Description of the task:
When the listing below reaches the line that has "A eufy Security", start reproducing exactly; stop after the line that has "- 2Fへ上がる階段をスケルトン階段にすることで、玄関ホールが明るくなりました", and drop the pictures.

Dataset records:
================================
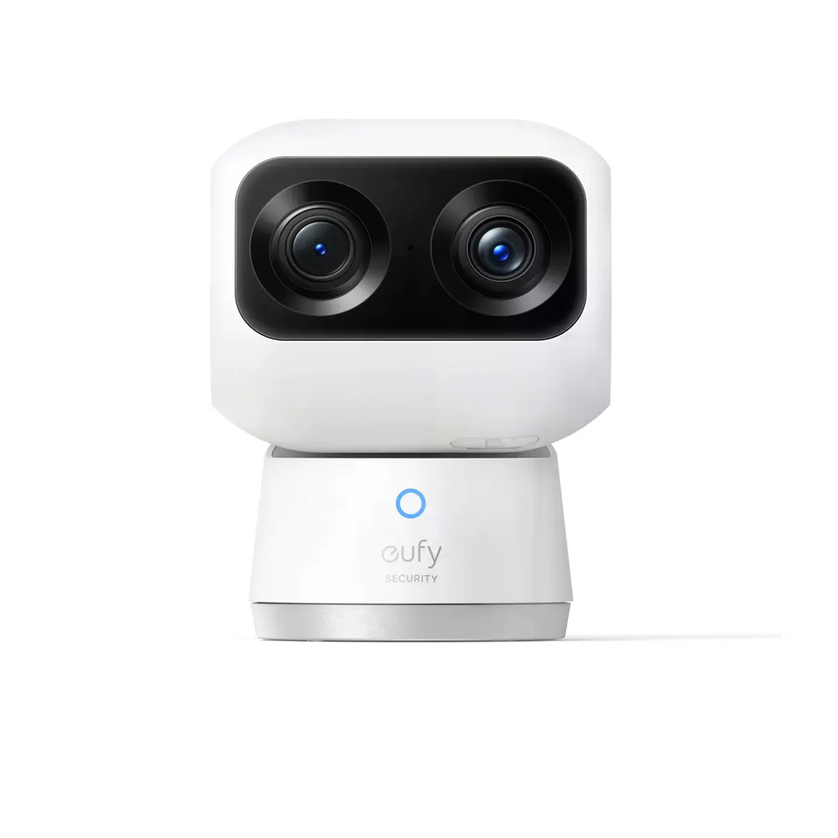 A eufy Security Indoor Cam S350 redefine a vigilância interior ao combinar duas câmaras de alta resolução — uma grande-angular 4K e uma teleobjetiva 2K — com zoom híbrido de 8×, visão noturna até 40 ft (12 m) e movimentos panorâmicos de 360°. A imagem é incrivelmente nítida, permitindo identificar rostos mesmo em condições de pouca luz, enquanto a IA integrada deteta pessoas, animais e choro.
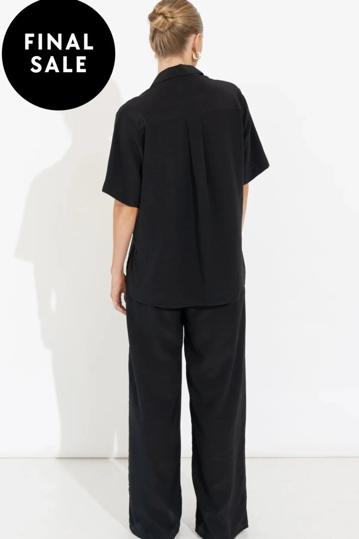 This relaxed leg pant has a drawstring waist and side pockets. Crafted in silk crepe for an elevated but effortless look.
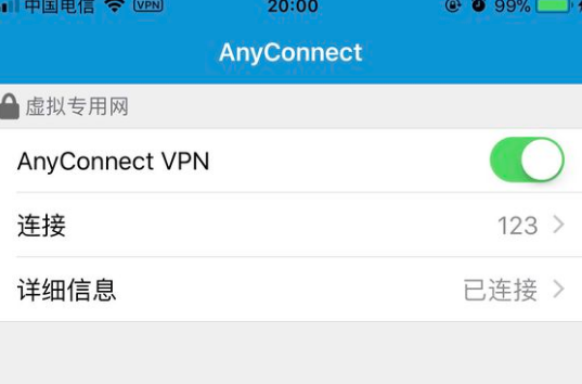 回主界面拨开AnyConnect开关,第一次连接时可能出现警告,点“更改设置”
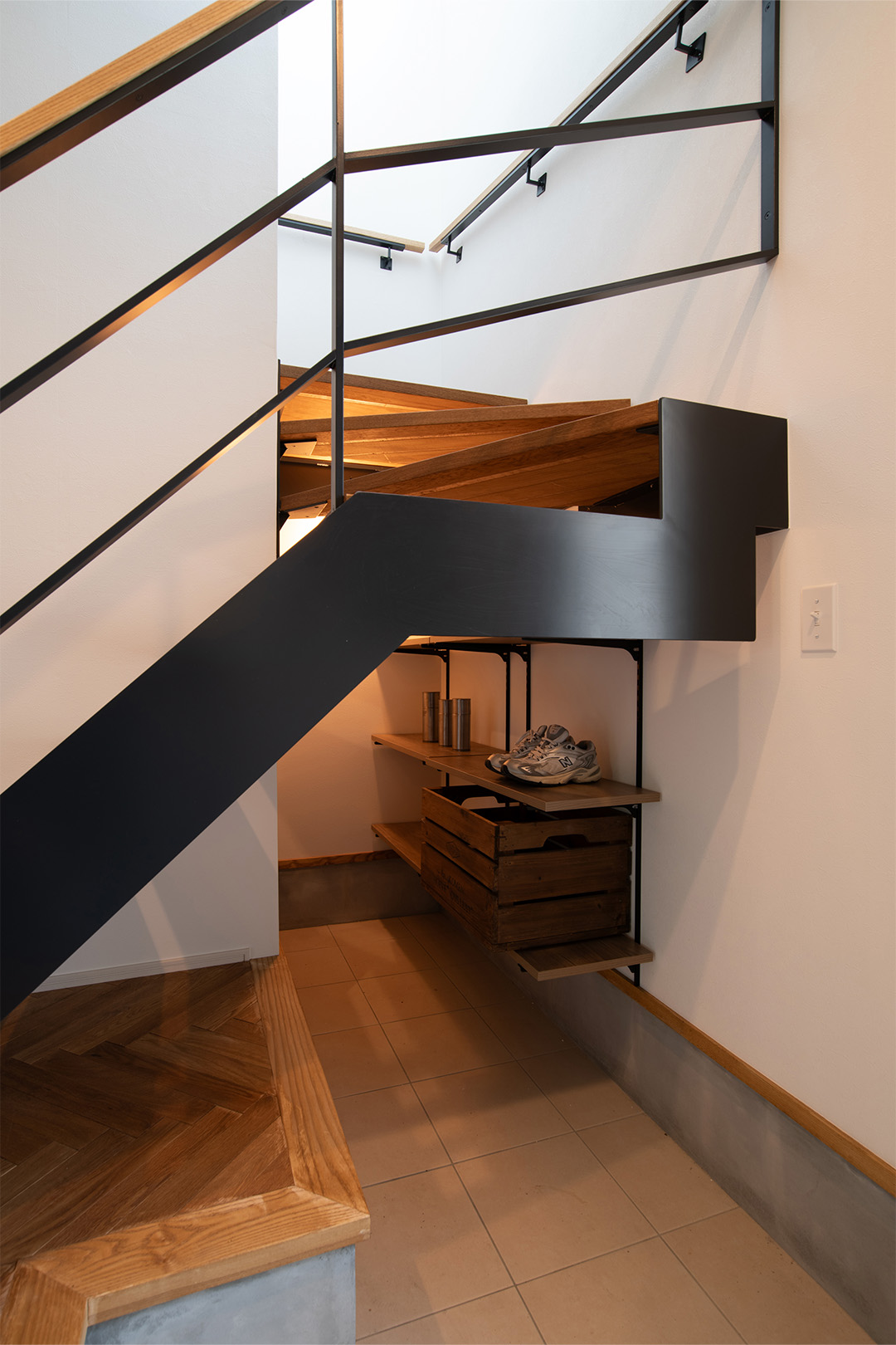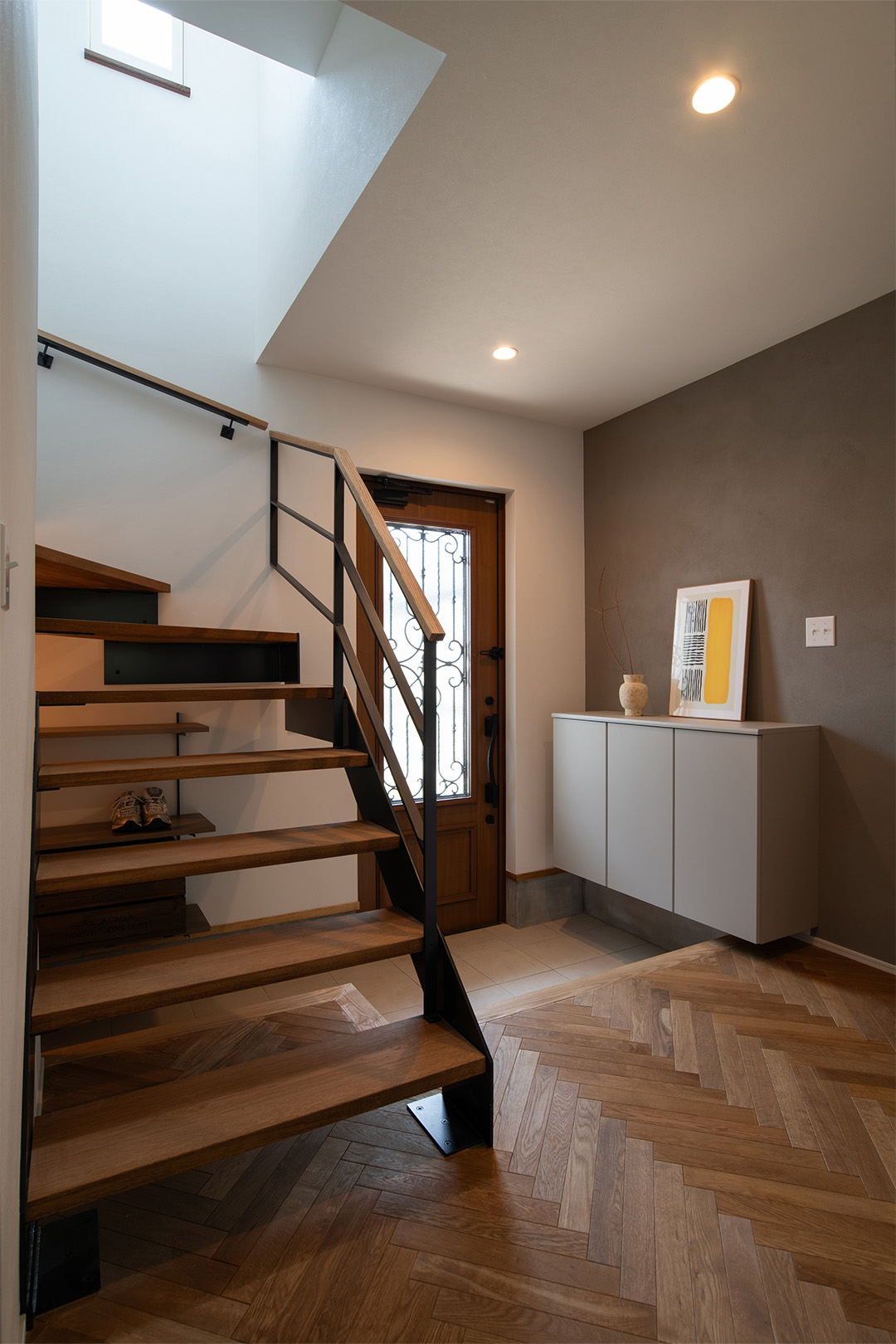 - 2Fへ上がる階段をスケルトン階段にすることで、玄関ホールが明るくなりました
================================
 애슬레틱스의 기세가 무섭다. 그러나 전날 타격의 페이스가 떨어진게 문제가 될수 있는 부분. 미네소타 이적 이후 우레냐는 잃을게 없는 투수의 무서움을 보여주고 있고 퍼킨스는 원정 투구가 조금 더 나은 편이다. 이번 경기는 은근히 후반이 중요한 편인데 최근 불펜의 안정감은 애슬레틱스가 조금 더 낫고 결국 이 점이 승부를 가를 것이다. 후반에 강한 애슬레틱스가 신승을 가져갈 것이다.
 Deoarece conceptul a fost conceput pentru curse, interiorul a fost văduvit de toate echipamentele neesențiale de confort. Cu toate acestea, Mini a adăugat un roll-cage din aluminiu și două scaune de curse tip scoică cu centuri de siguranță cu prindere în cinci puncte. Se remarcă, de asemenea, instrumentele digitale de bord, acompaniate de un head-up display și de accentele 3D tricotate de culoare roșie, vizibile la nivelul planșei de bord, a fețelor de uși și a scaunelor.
================================
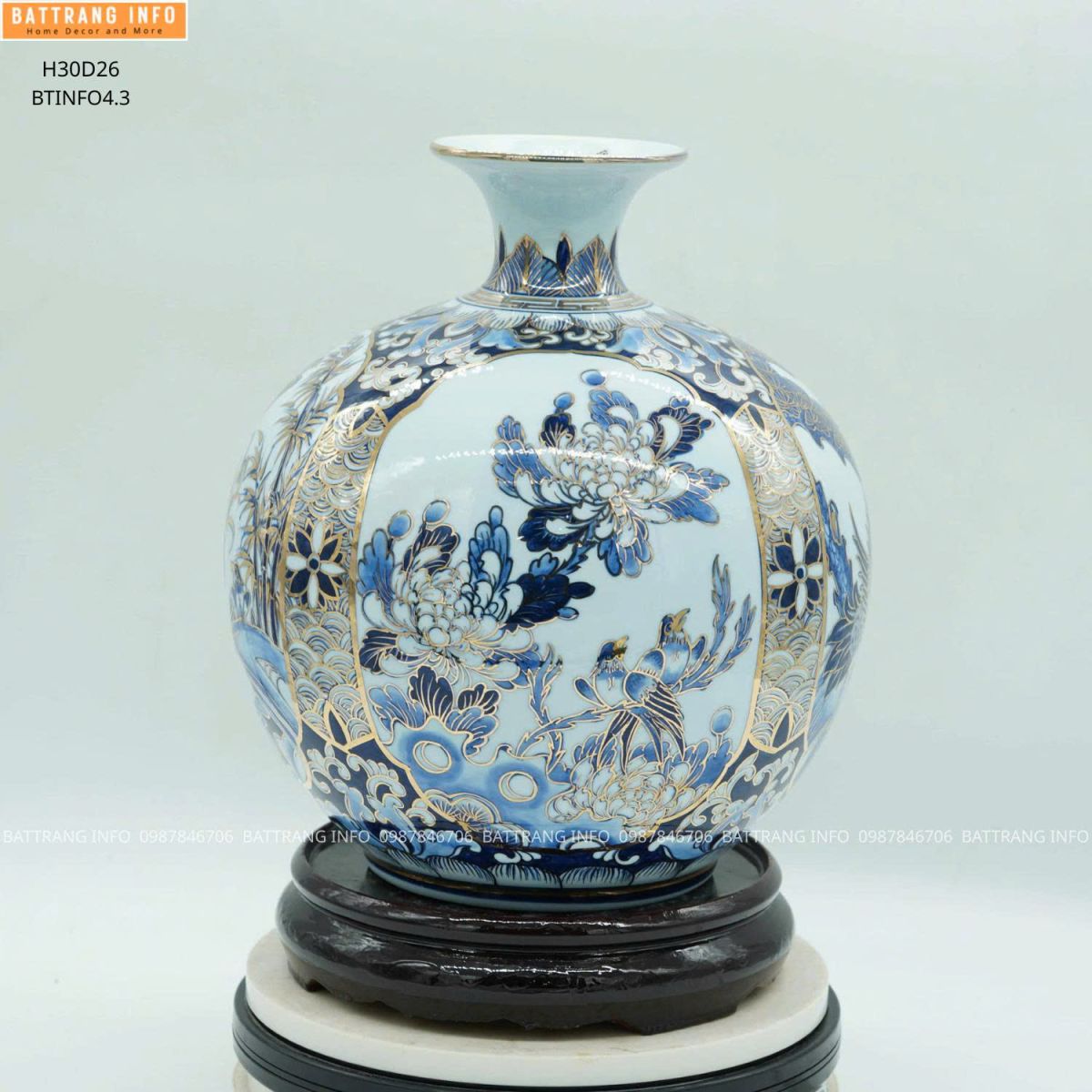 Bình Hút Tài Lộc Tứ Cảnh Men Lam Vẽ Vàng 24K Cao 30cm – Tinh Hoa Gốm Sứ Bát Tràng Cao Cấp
================================
Exercise result:
 A eufy Security Indoor Cam S350 redefine a vigilância interior ao combinar duas câmaras de alta resolução — uma grande-angular 4K e uma teleobjetiva 2K — com zoom híbrido de 8×, visão noturna até 40 ft (12 m) e movimentos panorâmicos de 360°. A imagem é incrivelmente nítida, permitindo identificar rostos mesmo em condições de pouca luz, enquanto a IA integrada deteta pessoas, animais e choro.
 This relaxed leg pant has a drawstring waist and side pockets. Crafted in silk crepe for an elevated but effortless look.
 回主界面拨开AnyConnect开关,第一次连接时可能出现警告,点“更改设置”
 - 2Fへ上がる階段をスケルトン階段にすることで、玄関ホールが明るくなりました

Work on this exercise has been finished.